I am incredibly busy these days, trying to publish my second scientific paper, but while working and commuting, I do still listen to some audio and came across this one, which I will use to speak for me, because especially episodes 31 and 37 are basically saying what I tried to bring across in many posts. So Instead of writing a lot, I will give you these links

[ Episode #31 // Simplifying Complexity ] | Extraenvironmentalist
and
[ Episode #32 // Apocalypse Never ] | Extraenvironmentalist
and
[ Episode #37 // Techno-Fix ]

These episodes feature interesting interviews with scholars and scientists about humanity.
Episode 31 is with archaeologist Dr Joseph tainter about how societies become increasingly complex as a reaction to problems but eventually run into the problem of "diminishing returns" on investments. He looks at the situation with oil (EROEI) but also in terms of energy and society in general and draws comparison to the Roman empire. He also states that we are already past the peak or many things, among them human innovation and happiness as he did a study the history and found that the per-capita number of inventions (patents) has declined for many decades now and an increase in innovation can presently only come from putting more and more people on the job. He also looked at the statistics on happiness and found a 1950ies peak happiness in the US with a decline thereafter as complexity increases more than the gains.
Episode 32 looks at different myths of apocalypse with utopian outcomes.

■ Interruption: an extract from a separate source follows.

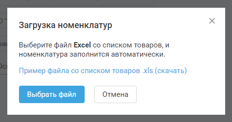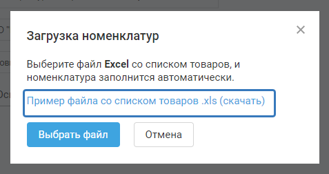 Выберите файл Excel со списком товаров, и номенклатура заполнится автоматически:

This includes especially the 2012 myth, but also the "singularity" as a form of apocalyptic thinking.
Episode 37 was very very interesting, but Dr. Michael Hüsemann has a strong german accent. It is about how technology does not by itself save the world, the environment, society. He also describes how technology is NOT neutral and not simply a tool but has values attached to it depending on who created it. He does not want everyone to "go back" but draws attention to the problem of a growth economy in context to the failure of technology and increased efficiency to deal with the resulting problems, in fact technology and efficiency actually are shown to increase the problem of resource depletion and environmental desctruction. He proposes a steady state economy as a solution. In that context, technological improvements and increases in efficiency could actually diminish the impact of humans on the planet instead of fueling further economic growth and by that further increase of human impact.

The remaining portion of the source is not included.